Task directions:
Strip the pictures and reproduce the rest of the listing exactly.

Information shown:
──────────────────────────────

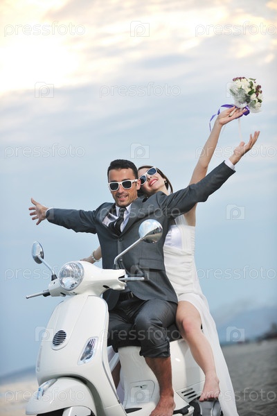 Счастливые молодожены на скутере
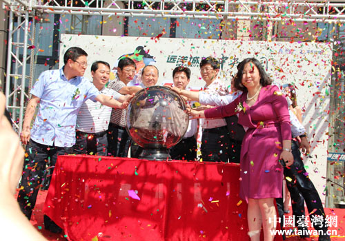 參加開幕式的領(lǐng)導(dǎo)點(diǎn)燃開幕式啟動(dòng)球。(圖片來(lái)源:撫順市臺(tái)辦)
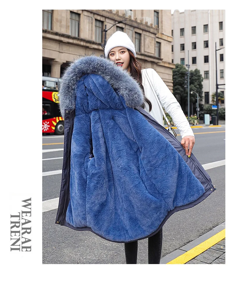 Женская теплая зимняя парка с капюшоном, пальто с флисовой подкладкой, длинная толстая зимняя куртка с искусственным мехом

──────────────────────────────

Response area:
 Счастливые молодожены на скутере
 參加開幕式的領(lǐng)導(dǎo)點(diǎn)燃開幕式啟動(dòng)球。(圖片來(lái)源:撫順市臺(tái)辦)
 Женская теплая зимняя парка с капюшоном, пальто с флисовой подкладкой, длинная толстая зимняя куртка с искусственным мехом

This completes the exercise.